Would you set down the data that follows, word for word, without any pictures?

─── Available data

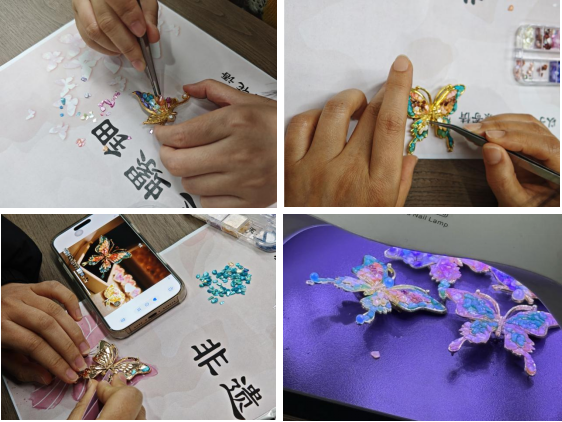 螺钿起源于商代,是一种最常见的传统装饰艺术,被广泛应用于漆器、家具、乐器、屏风、盒匣、盆碟、木雕以及有关的工艺品上,现代被越来越多地运用在文创产品上,是中国特有的传统艺术瑰宝。学院邀请了师从国内著名花艺师曹雪老师的季红女士现场进行讲解。教职工们纷纷化身“手工匠人”,亲身投入到螺钿胸针的制作中。从选料到涂胶,再到巧妙镶嵌螺钿片,老师们时而安静投入专注细腻操作,时而会心一笑交流制作心得,时而相互欣赏分享创意灵感,一件件独具匠心的螺钿胸针在老师们手中逐渐诞生,一股股友爱互助的温情暖意在老师们心间悄悄传递。
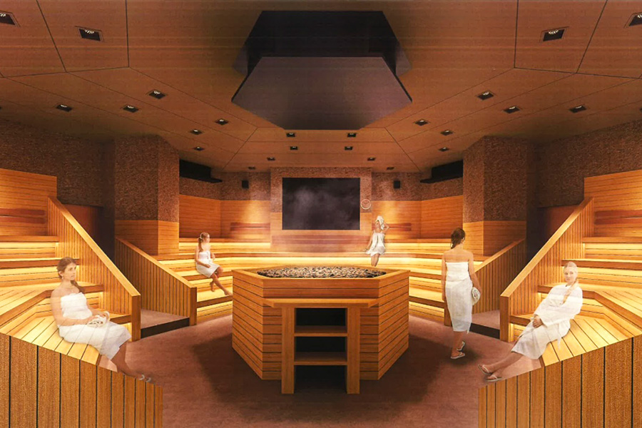 「スパワールド ホテル&リゾート」の同時に140名が入れるサウナシアターのイメージ(C)株式会社東急Re・デザイン
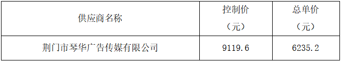 荊門市公共交通集團(tuán)有限公司2024年廣告開展設(shè)計制作類年度供應(yīng)商采購項目進(jìn)行了詢價,經(jīng)詢價小組評審?fù)扑],現(xiàn)將本次詢價的成交結(jié)果公布如下:
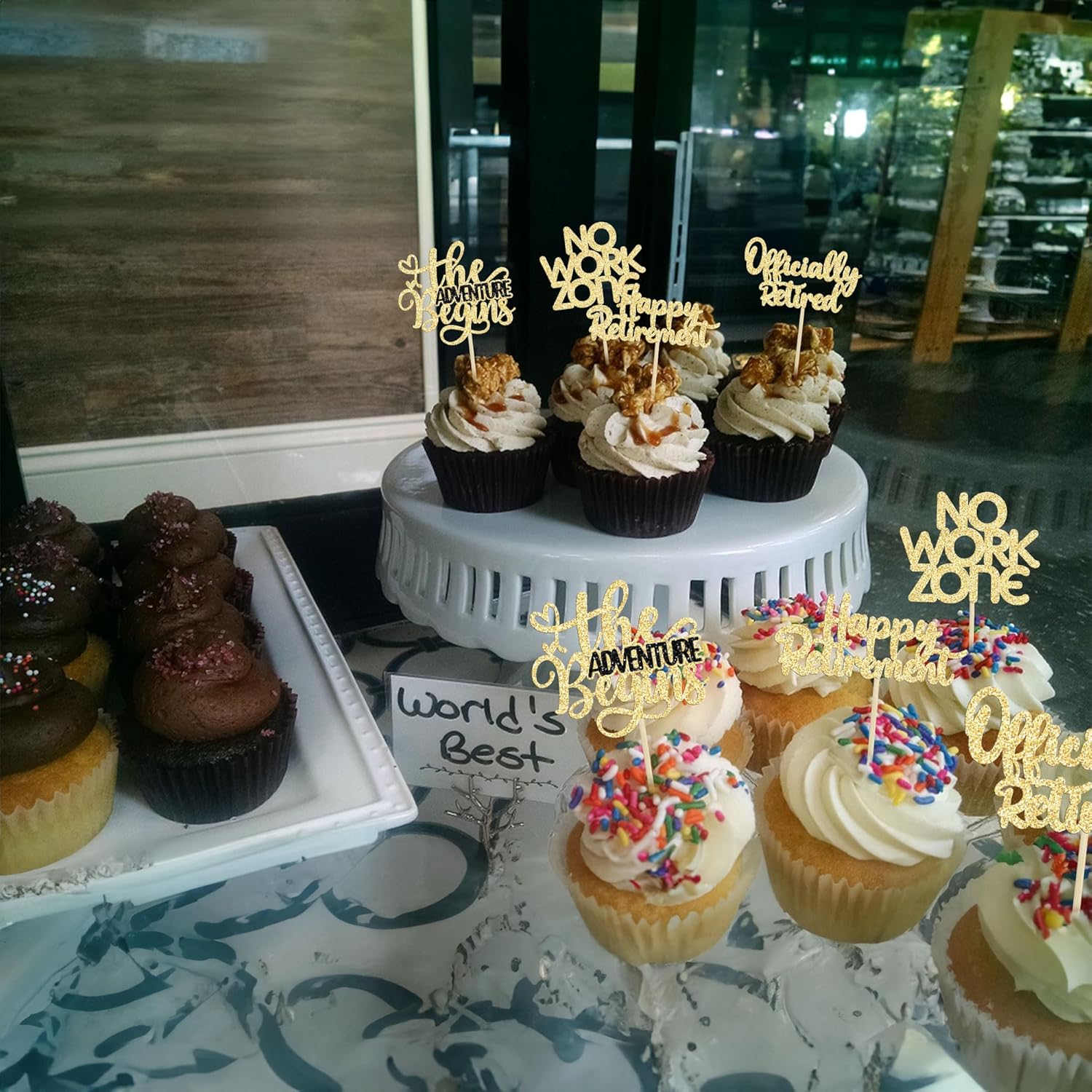 24Pcs Happy Retirement Cupcake Toppers Officially Retired Cake Toppers No Work Zone Adventure Begins Cupcake Picks Retirement Theme Farewell Birthday Party Cake Decorations Supplies Gold
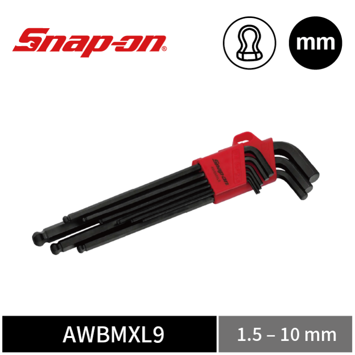 Snap-on 9件式 公制 特長 L型 球頭六角扳手組 (1.5–10 mm)
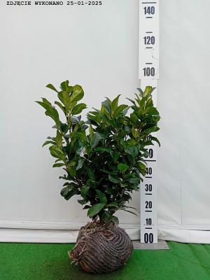 Zimozielona laurowiśnia wschodnia o wzniesionych pędach. Wzrost do 1.5 m wysokości. Posiada ciemnozielone. błyszczące. duże. szerokojajowate liście. Ozdobna w drobne. pachnące. białe kwiaty. zebrane w wyprostowane grona. a następnie małe. kuliste. czarne
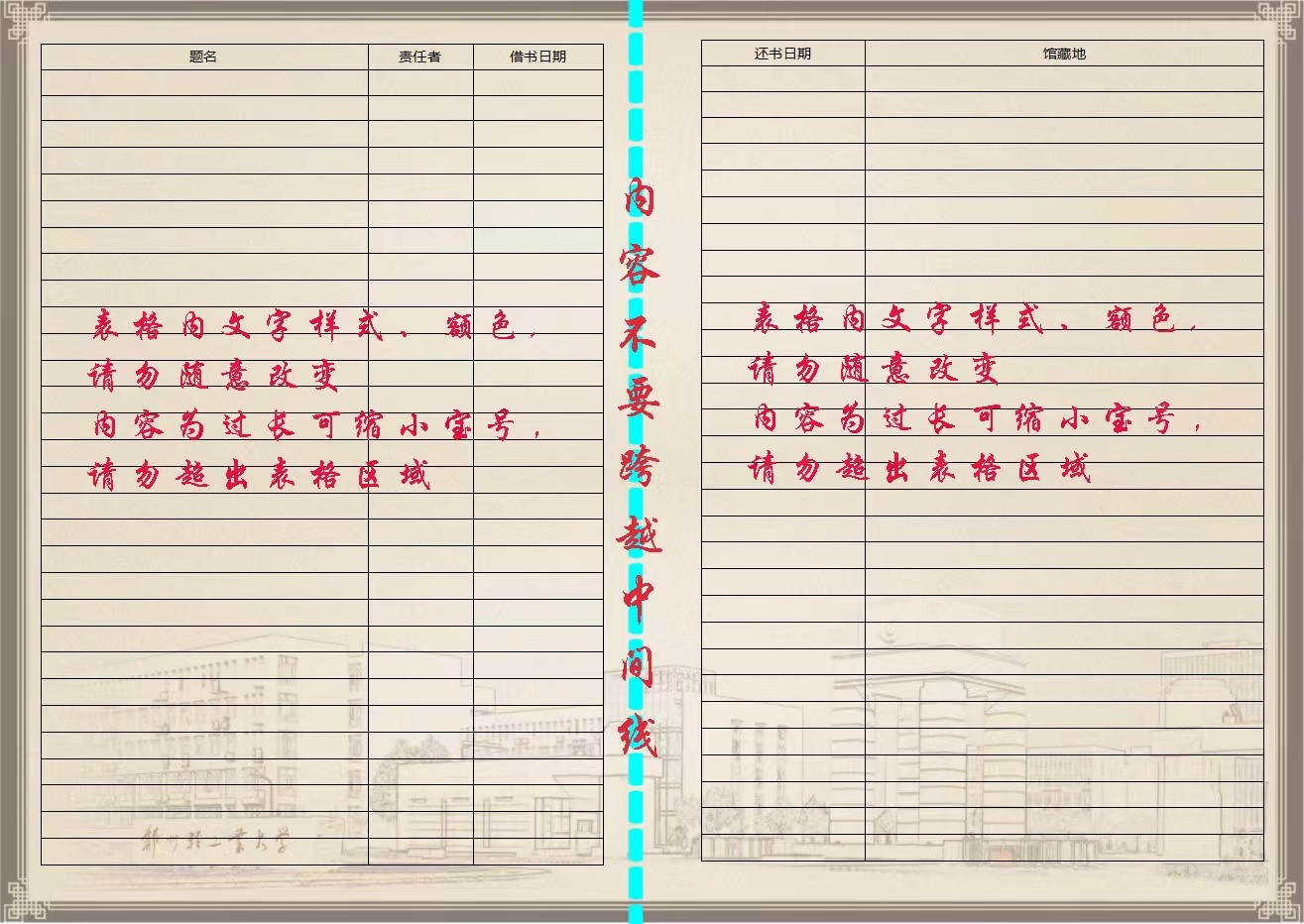 2.毕业生自行下载相应模板,其中封面的姓名、学号、学院由毕业生根据个人实际填写;封底的“我和我的图书馆”由毕业生填写个性化的内容,可以是和图书馆的合影,也可以是自己的感想等;内页阅读书单内容根据表格填写题名、责任者、借阅日期、归还日期、馆藏地信息(请不要改变表格样式和字体样式、颜色)。
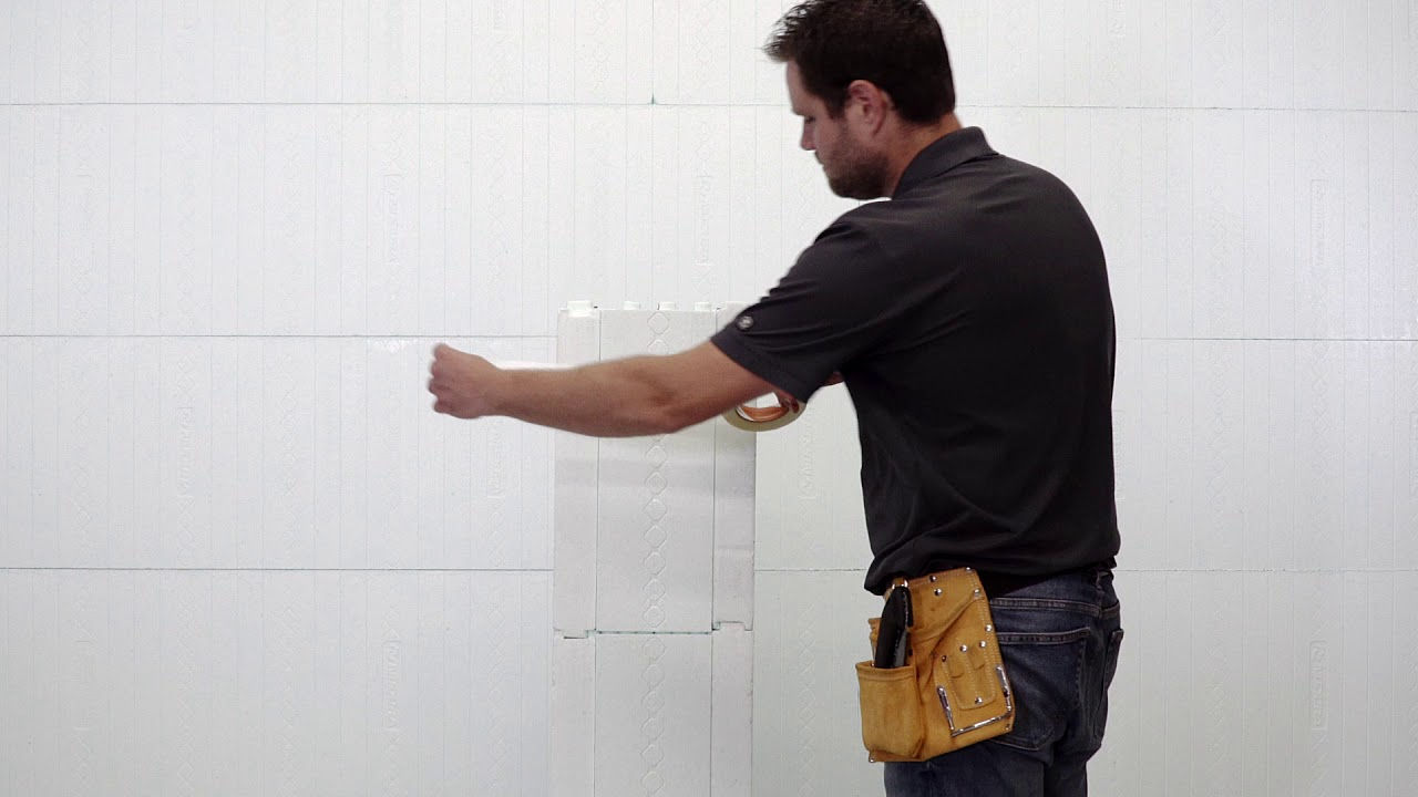 Fiber Tape is used to provide additional EPS support for field cut forms that have more than 4" (100mm) of EPS extending past the last web, brick ledge forms in the corner conditions, and radius panel.
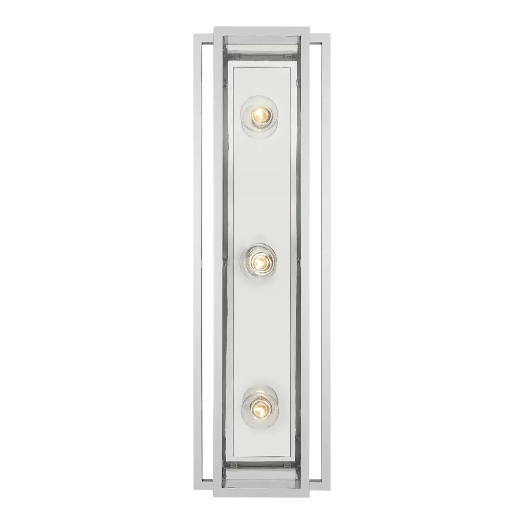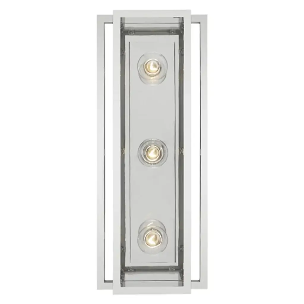 Designed by Ian K. Fowler for Visual Comfort Signature, formerly known as Visual Comfort,, the Halle Vanity Light is a transitional piece of lighting with mid-century modern influences. Ian is a designer known for bridging elegance and function together with a modern edge, and the Halle Vanity Light is a perfect example of that style in play. Evoking the look of an abstract stoplight, each of the clear glass shades allows illumination to flow through freely. Composed of brass and finished luxuriously, the Halle is a fine choice for all interiors, including bathrooms and outdoor locales protected from the elements.
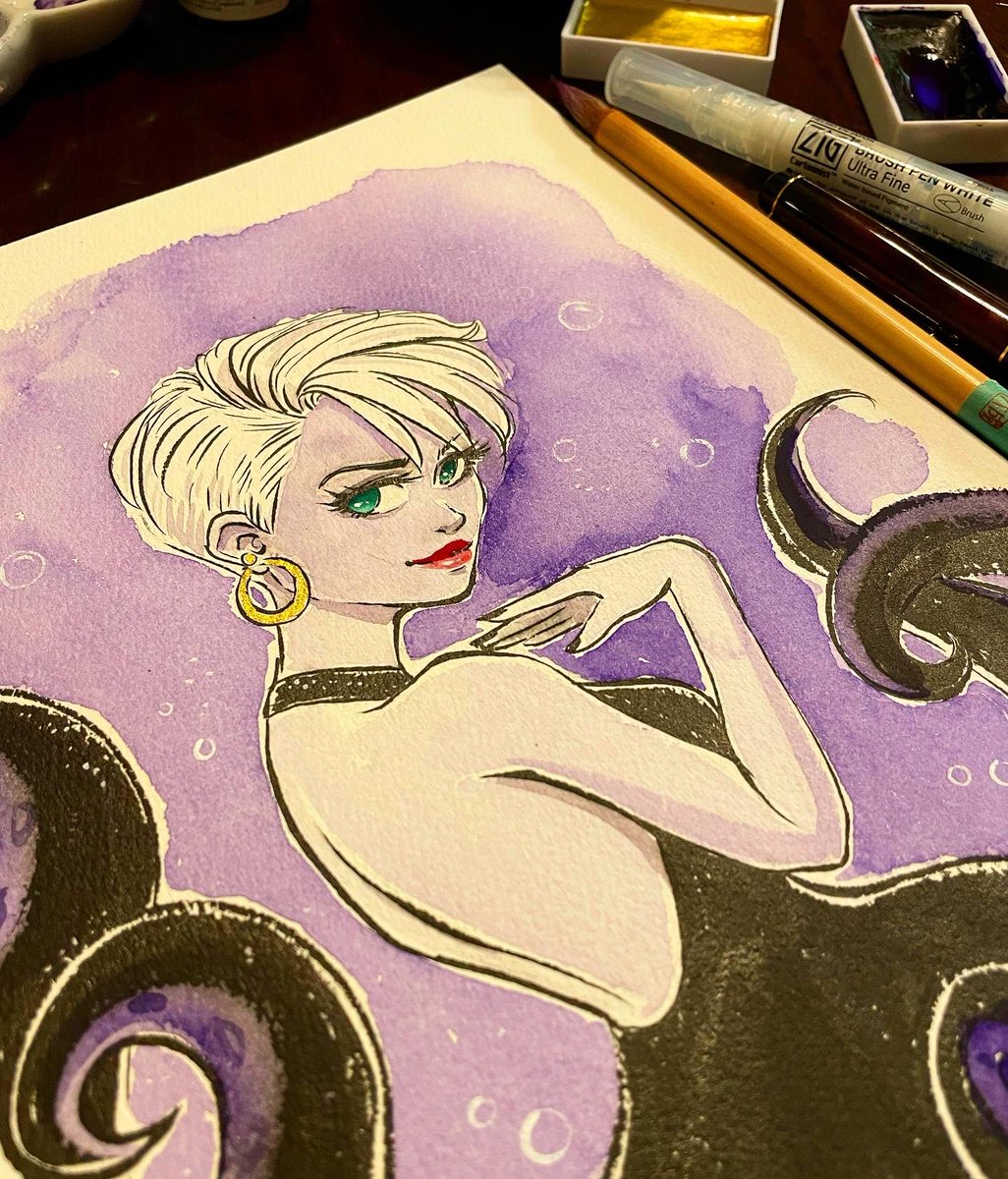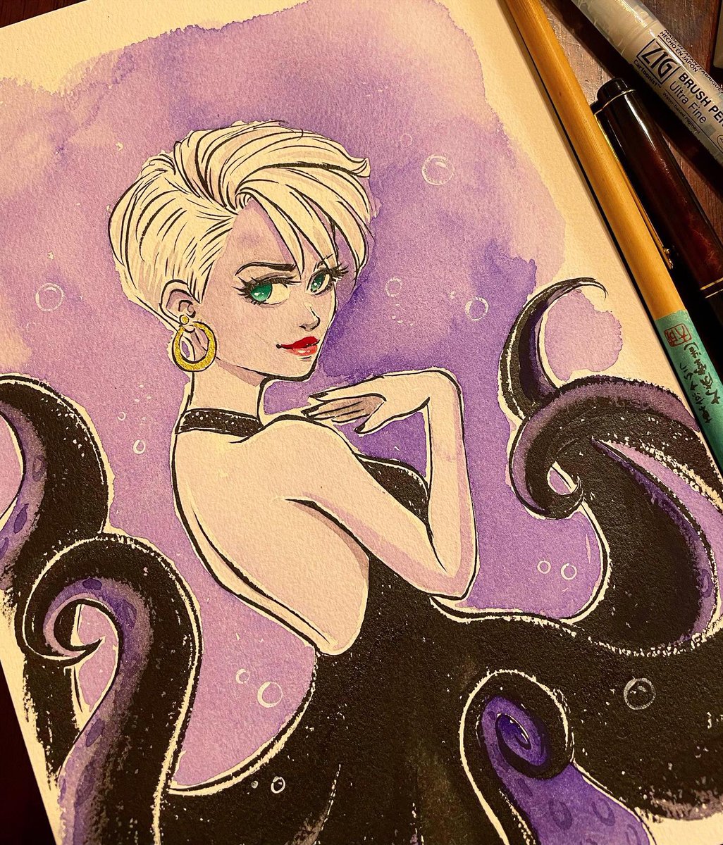 Day 9: Ursula from @camilladerrico ‘s #drawlloween I had a nice vacation in Colorado for a week, but I’m happy to be home!! My shop is going to be back open and I will start adding prints on Etsy and originals on my website tomorrow ☺️ #inktober2021 #camillasdrawlloween #ursula

──────

(Exercise solution):
 螺钿起源于商代,是一种最常见的传统装饰艺术,被广泛应用于漆器、家具、乐器、屏风、盒匣、盆碟、木雕以及有关的工艺品上,现代被越来越多地运用在文创产品上,是中国特有的传统艺术瑰宝。学院邀请了师从国内著名花艺师曹雪老师的季红女士现场进行讲解。教职工们纷纷化身“手工匠人”,亲身投入到螺钿胸针的制作中。从选料到涂胶,再到巧妙镶嵌螺钿片,老师们时而安静投入专注细腻操作,时而会心一笑交流制作心得,时而相互欣赏分享创意灵感,一件件独具匠心的螺钿胸针在老师们手中逐渐诞生,一股股友爱互助的温情暖意在老师们心间悄悄传递。
 「スパワールド ホテル&リゾート」の同時に140名が入れるサウナシアターのイメージ(C)株式会社東急Re・デザイン
 荊門市公共交通集團(tuán)有限公司2024年廣告開展設(shè)計制作類年度供應(yīng)商采購項目進(jìn)行了詢價,經(jīng)詢價小組評審?fù)扑],現(xiàn)將本次詢價的成交結(jié)果公布如下:
 24Pcs Happy Retirement Cupcake Toppers Officially Retired Cake Toppers No Work Zone Adventure Begins Cupcake Picks Retirement Theme Farewell Birthday Party Cake Decorations Supplies Gold
 Snap-on 9件式 公制 特長 L型 球頭六角扳手組 (1.5–10 mm)
 Zimozielona laurowiśnia wschodnia o wzniesionych pędach. Wzrost do 1.5 m wysokości. Posiada ciemnozielone. błyszczące. duże. szerokojajowate liście. Ozdobna w drobne. pachnące. białe kwiaty. zebrane w wyprostowane grona. a następnie małe. kuliste. czarne
 2.毕业生自行下载相应模板,其中封面的姓名、学号、学院由毕业生根据个人实际填写;封底的“我和我的图书馆”由毕业生填写个性化的内容,可以是和图书馆的合影,也可以是自己的感想等;内页阅读书单内容根据表格填写题名、责任者、借阅日期、归还日期、馆藏地信息(请不要改变表格样式和字体样式、颜色)。
 Fiber Tape is used to provide additional EPS support for field cut forms that have more than 4" (100mm) of EPS extending past the last web, brick ledge forms in the corner conditions, and radius panel.
 Designed by Ian K. Fowler for Visual Comfort Signature, formerly known as Visual Comfort,, the Halle Vanity Light is a transitional piece of lighting with mid-century modern influences. Ian is a designer known for bridging elegance and function together with a modern edge, and the Halle Vanity Light is a perfect example of that style in play. Evoking the look of an abstract stoplight, each of the clear glass shades allows illumination to flow through freely. Composed of brass and finished luxuriously, the Halle is a fine choice for all interiors, including bathrooms and outdoor locales protected from the elements.
 Day 9: Ursula from @camilladerrico ‘s #drawlloween I had a nice vacation in Colorado for a week, but I’m happy to be home!! My shop is going to be back open and I will start adding prints on Etsy and originals on my website tomorrow ☺️ #inktober2021 #camillasdrawlloween #ursula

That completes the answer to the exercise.